* Data section
----

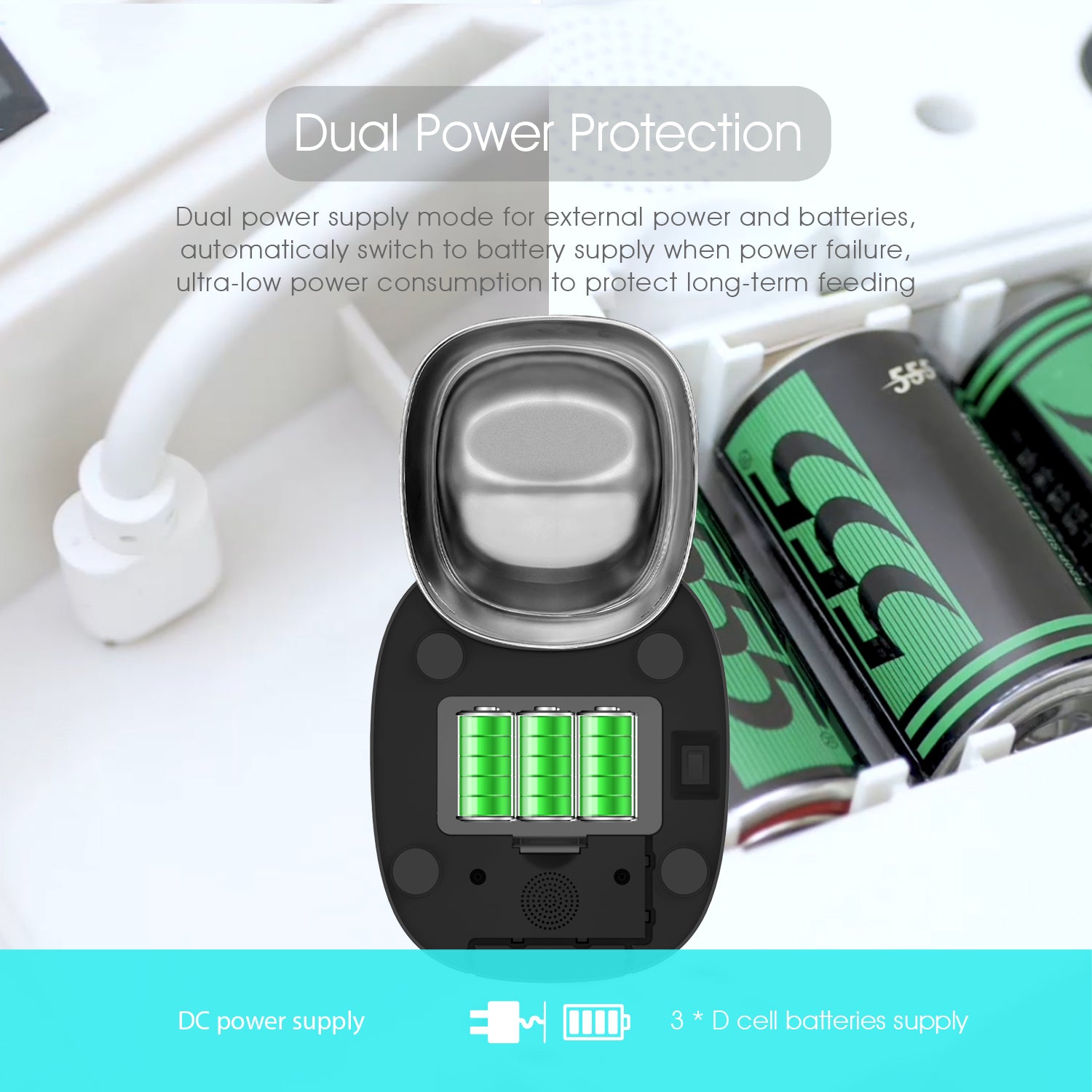 Power outage? No problem. Our dual power supply ensures that your pet's feeding schedule remains uninterrupted. For full functionality, we recommend using AC power.
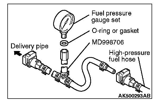 1. Via a gasket, install the special tool MB991637 (fuel pressure gauge set) into the special tool that has already assembled as described.
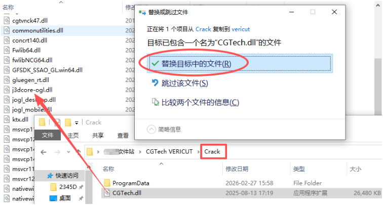 31、將安裝包【Crack】文件夾中的【CGTech.dll】復(fù)制到【vericut】目錄中進(jìn)行替換。
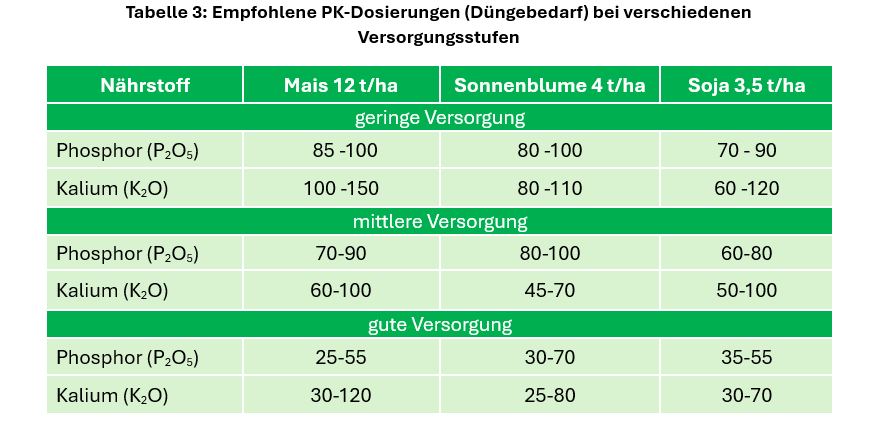 Wenn der Phosphor- und Kaliumbedarf nicht gleichzeitig mit einem bestimmten NPK-Dünger gedeckt werden kann, sollte man bestrebt sein, den Kaliumbedarf vollständig zu decken, ohne jedoch den Phosphorbedarf zu vernachlässigen. Ein Teil des Phosphors kann später durch Starterdüngung bei der Aussaat ergänzt werden.
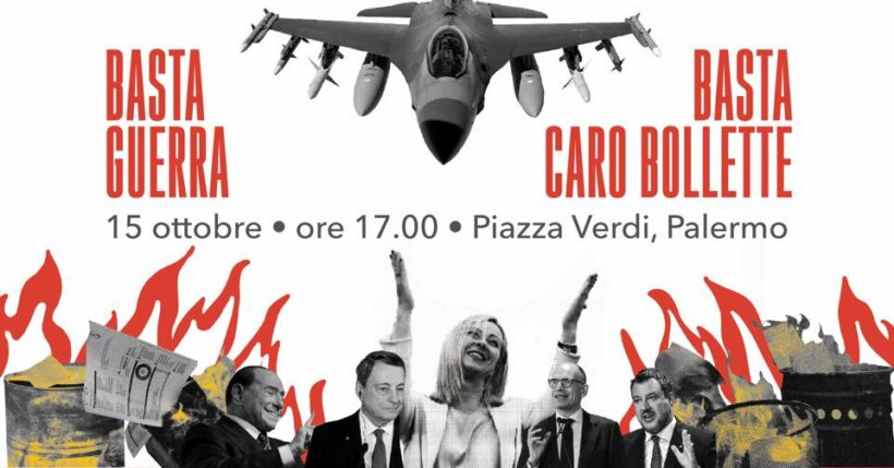 Pubblichiamo il comunicato stampa diramato dal movimento pacifista panormita che si ritroverà in piazza sabato prossimo –  con concentramento al Teatro Massimo (ore 17) – su una chiara piattaforma sociale rivendicativa, tendente alla costruzione di una opposizione nella società che tenga insieme tutte le istanze vertenziali ivi compresa quella climatica, con l’obiettivo di far convergere nella lotta scuole, università, luoghi di lavoro e quartieri popolari. Nel comunicato il movimento sostiene che è necessario oggi più che mai scendere in piazza a Palermo, come in tutte le altre città, non solo contro la guerra e la minaccia nucleare, ma anche “ contro l’invio di armi, contro questo modello di scuola e di lavoro, contro il caro bollette, per difendere il reddito di cittadinanza e pretendere il diritto a un reddito universale, per il diritto a una vita degna! ”
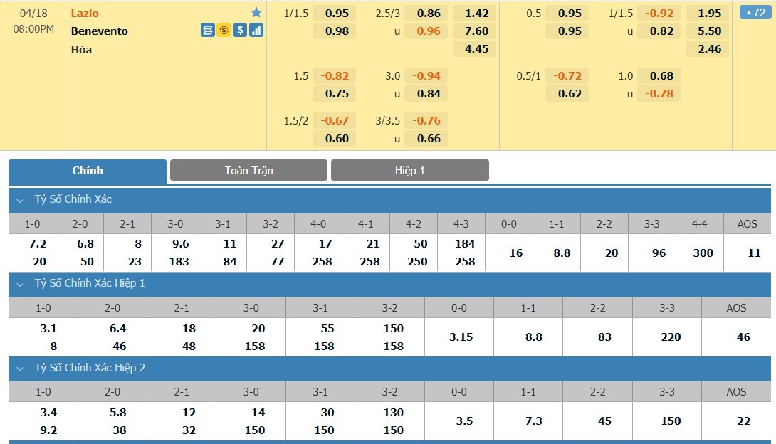 Tỷ lệ kèo cá cược bóng đá trận Lazio vs Benevento
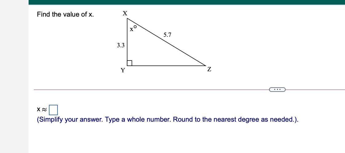 So it is a fact that 3.3 is adjacent to x. And 5.7 is the hypotenuse.
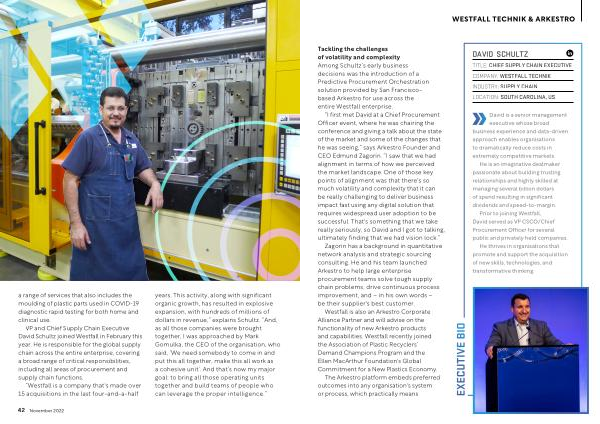 Tackling the challenges of volatility and complexity Among Schultz ’ s early business decisions was the introduction of a Predictive Procurement Orchestration solution provided by San Franciscobased Arkestro for use across the entire Westfall enterprise .
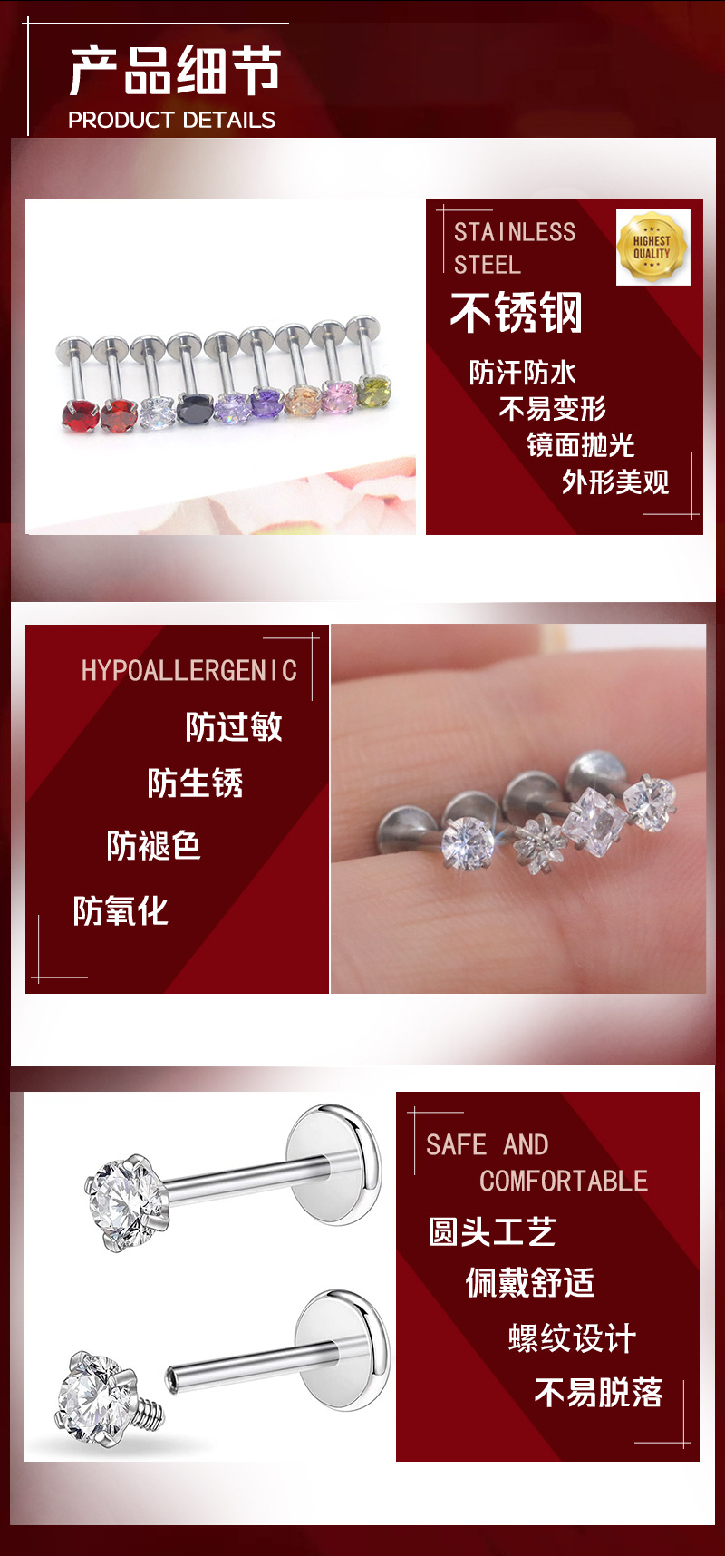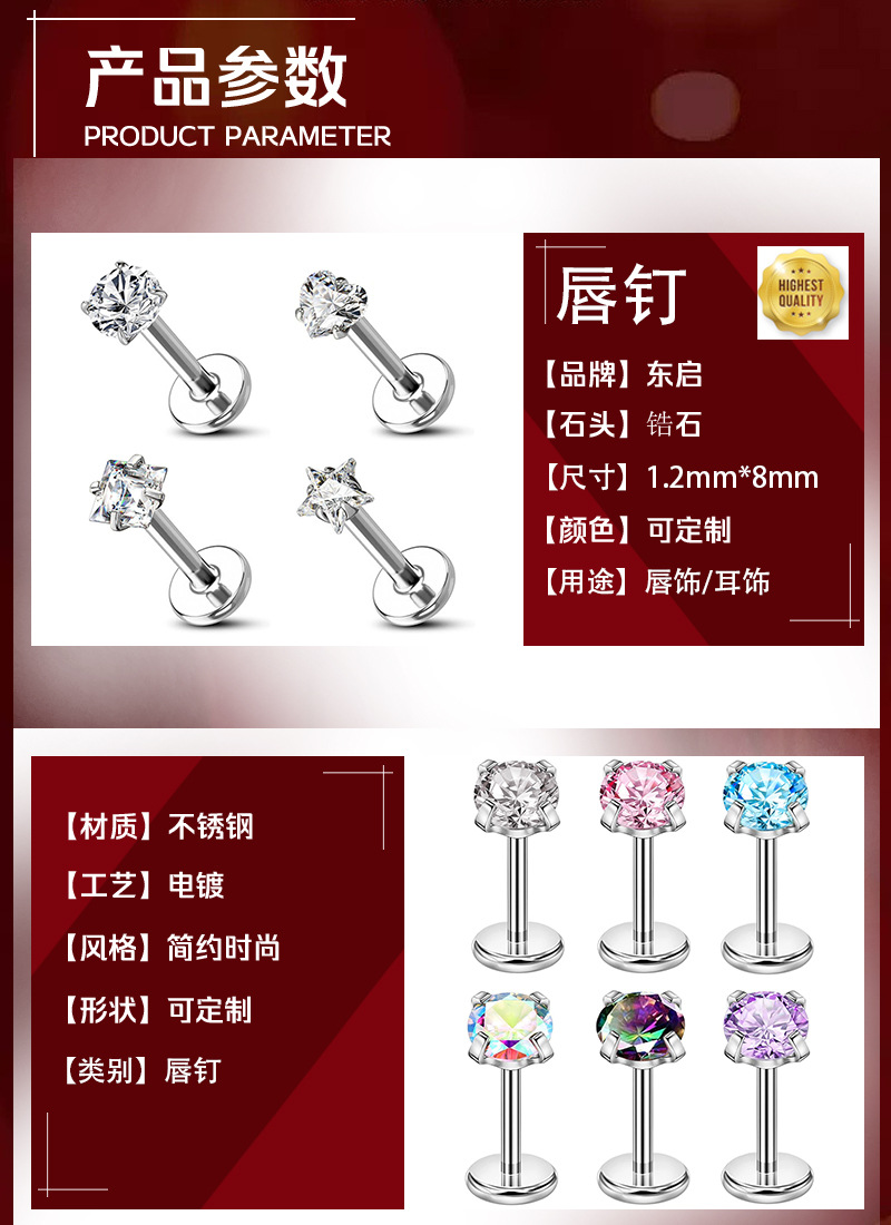 Оптовая унисекс человеческого тела пирсинг губы ногтей 3 мм круглый Циркон губы ногтей человека внутренние зубы губы ногтей

----

* What you should do
Your answer should consist solely of the lines from the one with "31、將安裝包【Crack】" through the last line of the entries, restated word for word, with the pictures omitted.

* Reply
 31、將安裝包【Crack】文件夾中的【CGTech.dll】復(fù)制到【vericut】目錄中進(jìn)行替換。
 Wenn der Phosphor- und Kaliumbedarf nicht gleichzeitig mit einem bestimmten NPK-Dünger gedeckt werden kann, sollte man bestrebt sein, den Kaliumbedarf vollständig zu decken, ohne jedoch den Phosphorbedarf zu vernachlässigen. Ein Teil des Phosphors kann später durch Starterdüngung bei der Aussaat ergänzt werden.
 Pubblichiamo il comunicato stampa diramato dal movimento pacifista panormita che si ritroverà in piazza sabato prossimo –  con concentramento al Teatro Massimo (ore 17) – su una chiara piattaforma sociale rivendicativa, tendente alla costruzione di una opposizione nella società che tenga insieme tutte le istanze vertenziali ivi compresa quella climatica, con l’obiettivo di far convergere nella lotta scuole, università, luoghi di lavoro e quartieri popolari. Nel comunicato il movimento sostiene che è necessario oggi più che mai scendere in piazza a Palermo, come in tutte le altre città, non solo contro la guerra e la minaccia nucleare, ma anche “ contro l’invio di armi, contro questo modello di scuola e di lavoro, contro il caro bollette, per difendere il reddito di cittadinanza e pretendere il diritto a un reddito universale, per il diritto a una vita degna! ”
 Tỷ lệ kèo cá cược bóng đá trận Lazio vs Benevento
 So it is a fact that 3.3 is adjacent to x. And 5.7 is the hypotenuse.
 Tackling the challenges of volatility and complexity Among Schultz ’ s early business decisions was the introduction of a Predictive Procurement Orchestration solution provided by San Franciscobased Arkestro for use across the entire Westfall enterprise .
 Оптовая унисекс человеческого тела пирсинг губы ногтей 3 мм круглый Циркон губы ногтей человека внутренние зубы губы ногтей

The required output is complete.